Fat Adapted – Your body is considered to be metabolically flexible enough to be able to switch between using fat and glucose for energy with little or no drop in Performance. Fat adaption involves periodic Nutritional Ketosis and Carbohydrates are used strategically throughout training and racing to enhance performance.
So who is doing it and how?
Firstly I must thank Peter Defty -General Manager at Vespa, Optimized Fat metabolism (OFM) at this point for his assistance in compiling this list. It is by no means a complete list, there are athletes and sporting teams that are rumored to be using LCHF strategies to improve performance but are not publicly making it known one example of this could be Novak Djokovic.
Zach Bitter 100 mile American record holder and the world record holder for most the distance run in 12 hours.
Jon Olsen, previous 100 mile American record holder & 2013 – 24 hour World Champ
Dan Lenz, 2015 2nd at Umstead 100 miler
Jenny Capel Winner of San Diego 100 and 4th Overall
Jean Pommier, aged 51 2nd Overall in the Ruth Anderson 50 miler
Calum Neff, 2nd at FLS Sugarland 30k a day after winning the Brazos Bend Trail Half Marathon.
Jeremy Humphrey, Winner of River of no Return Endurance runs 100km
Bevan Mckinnon, 2014 Won the overall age group race at New Zealand Ironman
Tim Reed 2015 Ironman 70.3 Auckland- Asia Pacific Championships- 1st Place (Fastest run)
Tim Olsen, Winner of the 2012 & 2013 Western States 100 mile
Members of the Australian Cricket team
Players in both Melbourne and Port Adelaide football clubs
So how do the Elite Sportsmen and Woman use LCHF- Fat Adaption?
A phrase you often hear in LCHF conversations in regards to sporting endeavours is Train Low Race High, I think this sums it up nicely. Zach Bitter and Sami Inkinen are possibly two of the most vocal elite sportsmana round LCHF. Zach Bitter discusses in his blogs and podcasts how a state of Ketosis assists him with recovery and he has a big emphasis on strategic carbohydrates during intense training blocks and in racing. The following is a series of links to some of the above Athletes pages and blogs and in their own words how they use a low carbohydrate approach to win races and break world records and train. For others it outlines some of their decisions for making the switch to the Low Carbohydrate approach.
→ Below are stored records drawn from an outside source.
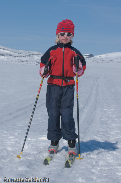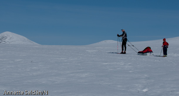 Idag har jag fått följa med på en riktigt lång tur ut på fjället. Vi har åkt Veslefjell runt, en sträcka på 1,5 mil. Thilda åkte själv på sina skidor hela vägen, och jag satt och gottade mig i pulkan med min vän Hippo, en ljusblå flodhäst i plysch.
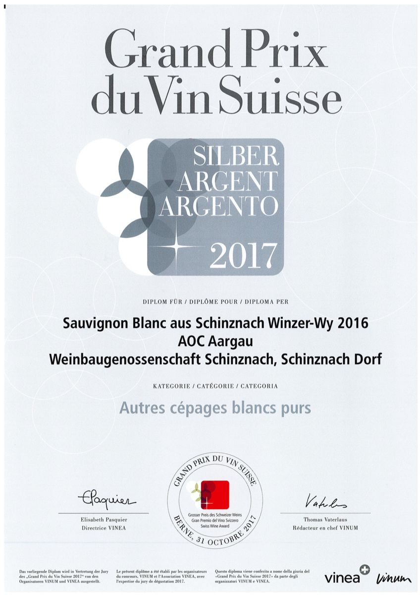 Silbermedaille Grand Prix du Vins Suisse, Schinznacher Sauvignon Blanc Winzer Wy, 2016 |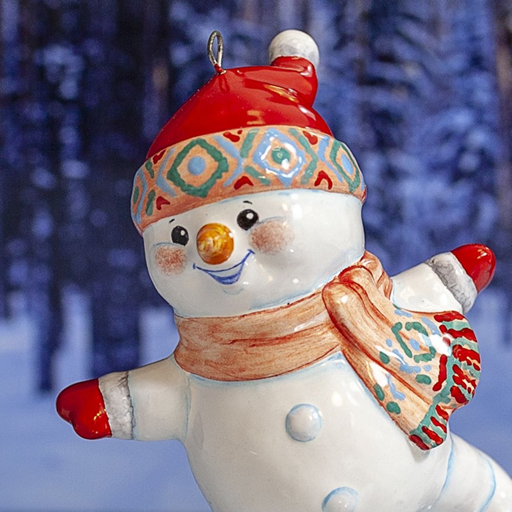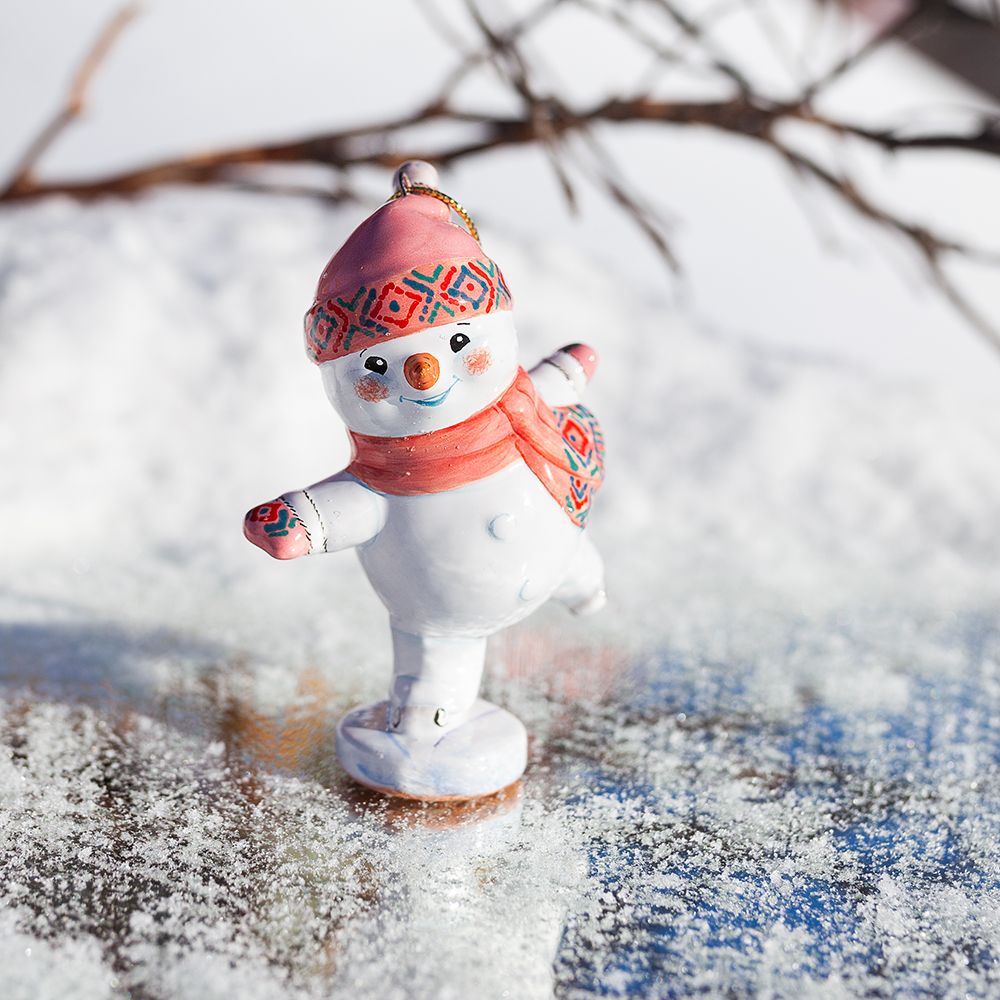Фигурка “”Снеговик – конькобежец”” изготовлена в технике майолика и украшена ручной росписью. Художником искусно переданы эмоции малыша, радость от зимних приключений и восторг на лице, это придает игрушке непосредственность и яркость. Такая фигурка станет чудесным украшением для новогодней елки и милым подарком для всех любителей ручной работы и оригинальных новогодних украшений.”””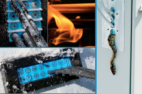 很多电力设施建设在户外人员较少的地区,周围小动物活动频繁,且建筑内部气温适宜,往往成为各类小动物的栖息地。啮齿动物对电力设备的影响,不仅会咬断、咬伤电缆,且极易造成二次接线短路,导致设备跳闸故障,影响正常供电秩序,严重情况下会对整个电网的运行造成威胁。在很多变电站,小动物最容易从结构的开孔处钻进室内,特别是电缆进出口处。在轨道交通沿线建筑物或户外机柜中躲避的蛇、鸟和小动物同样会造成事故风险。老鼠啃咬光纤和电缆会导致信号和通信设备故障,造成设备停机和车辆停运,甚至是致命的安全事故。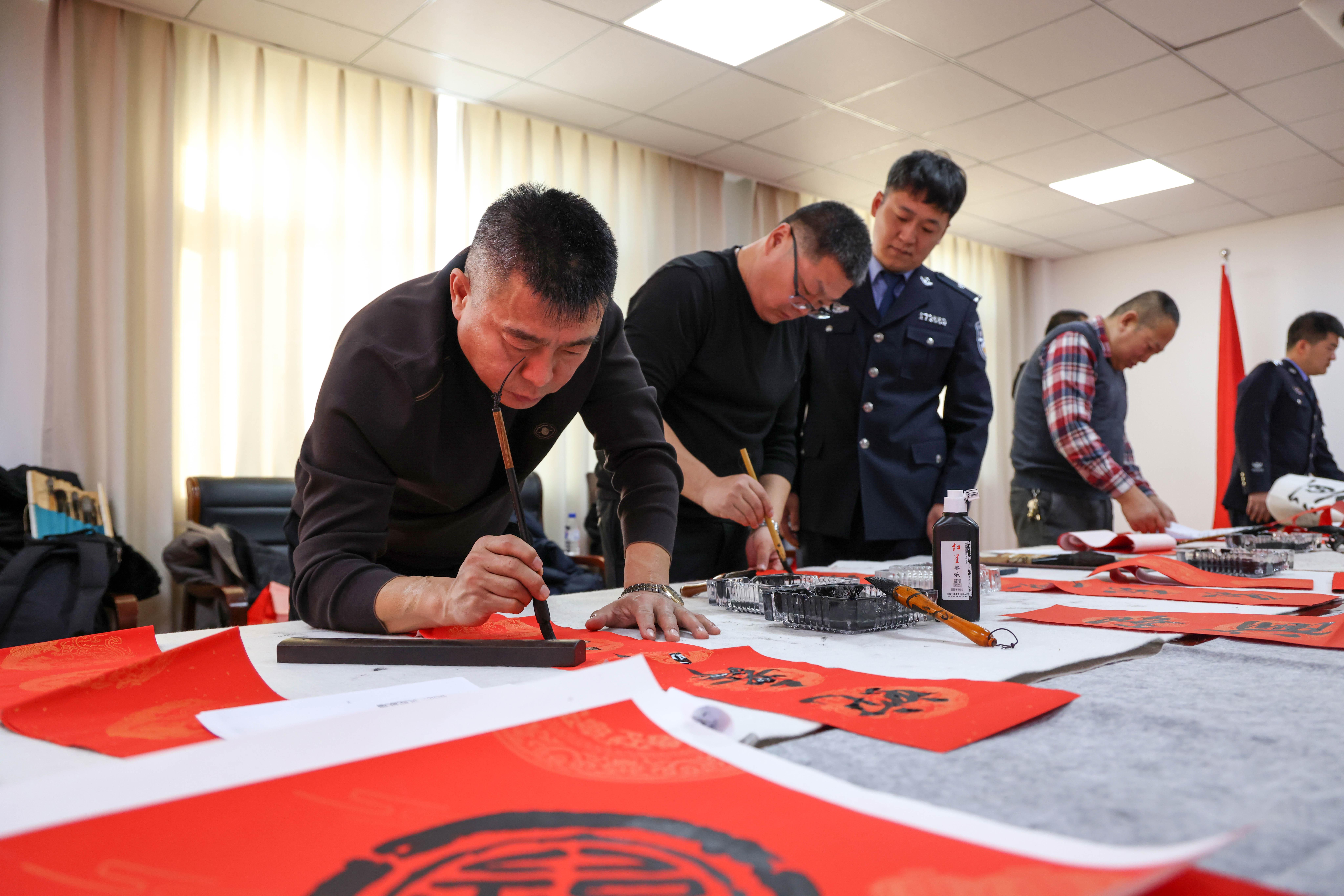 在活動現場,長桌鋪設、毛氈打底、墨香四溢,延邊硬筆書法協會主席王玉寶、龍井書法協會主席劉加英等七名書畫家們即興揮毫潑墨。他們一邊創作,一邊和民警交流,講解書法技巧、解讀春聯文化。民警們認真聆聽觀摩,不時幫忙抻紙遞筆硯墨,現場洋溢著一派歡快、祥和的氣氛。 一上午的時間,書畫家們將對迎新春賀新年的情感傾注于筆端,一副副對聯一蹴而就,一張張福字一氣呵成,一對對象征吉祥如意的春聯一一排開,濃濃年味和溫馨祝福躍然紙上?!袄斡浭姑呅l國展壯志,堅守初心保境安民譜新篇”“移民征途砥礪奮進謀復興,國境哨崗忠誠值守保民安”......這些作品飽含書畫家們對全體民警的崇高的敬意和美好的新春祝福。期間共完成書畫作品200余幅,給即將到來的新春佳節增添了濃厚的年味。 “ 還是手寫的春聯比較有靈氣、更有年味,這字寫得瀟灑自如,真是打動人心?!痹诖郝摃鴮懍F場民警徐琪說。受到現場濃厚氛圍的感染,民警們也紛紛踴躍嘗試。他們拿起毛筆,認真地書寫著,力求用最美的書法、最真誠的心愿,寫下對新年的美好憧憬。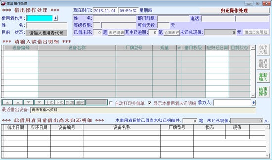 设备仪器借还系统官方版主要是针对事业单位所打造的固定资产以及仪器借还管理工具。设备仪器借还系统官方版使用的时候只需要输入借出者信息就可以了,而且会保存借出者的档案,方便下次再次进行接触。数据的查询也非常方便,更可以将数据导入导出到excel等软件并且打印出来,让你的管理更加方便,快捷。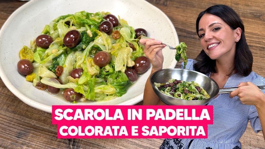 La scarola in padella è un contorno nutriente e saporito, realizzato con scarola, varietà di indivia ricca di benefici, acciughe, olive, capperi, pinoli e uvetta. Si tratta di una preparazione tipica del Sud Italia e, in particolare, della città di Napoli, perfetta per accompagnare secondi di carne e di pesce, come braciole, polpette o pesce spada alla piastra, formaggi freschi e stagionati o piatti vegetariani.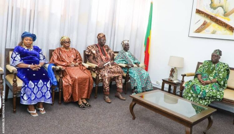 Une délégation de l’Association pour le Développement de la Cité Royale d’Adja-Ouèrè conduite par le roi ADEWORI IWALOYE a été reçue dans la matinée de ce lundi 10 mars par le Président de l’Assemblée nationale Louis VLAVONOU. Au cœur des échanges, la reconnaissance du royaume d’Adja-Ouèrè dans le cadre du vote de la loi sur la chefferie traditionnelle au Bénin déjà en examen au parlement actuellement. La délégation est venue exposer à l’autorité parlementaire, la particularité du royaume d’Adja-Ouèrè.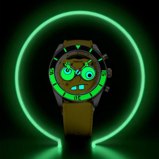 『スポンジ・ボブ』は架空の海底都市「ビキニタウン」での日常を描いた作品であることから、海の中でも使えるよう、暗所で明るく光るスイス製スーパー・ルミノバを採用しました。針やサブダイヤル、逆回転防止ベゼルに加え、6時位置に描かれた口元のデザインにまで塗布され、どこにいても彼の存在を身近に感じることができます。

Tom McDonald Melbourne Demons
In closing I think Zach Bitter sums it up best.
“When I start reaching some pretty high (for ultrarunning) intensities (80%+ VO2 Max), I am still metabolizing way more fat than carbs. This is an important takeaway for me, especially as I strategize for longer races. An athlete cannot replace the amount of calories they are burning quickly enough to expect an outside fuel source to meet their race-day caloric demands. A person may be able to physically consume enough, but their body would simply not be able to process the fuel quickly enough to stay ahead.” Zach Bitter. At 84% VO2 Max Zach Bitter is still Metabolizing 76% Fat and 24% glycogen.
These guys are world beaters they are at the cutting edge of the Science, they have the most up to date data available and using it to their advantage. Understanding their numbers enables them to maximise what they need to do as a Fat Adapted Athlete to Train Low, Race High and WIN.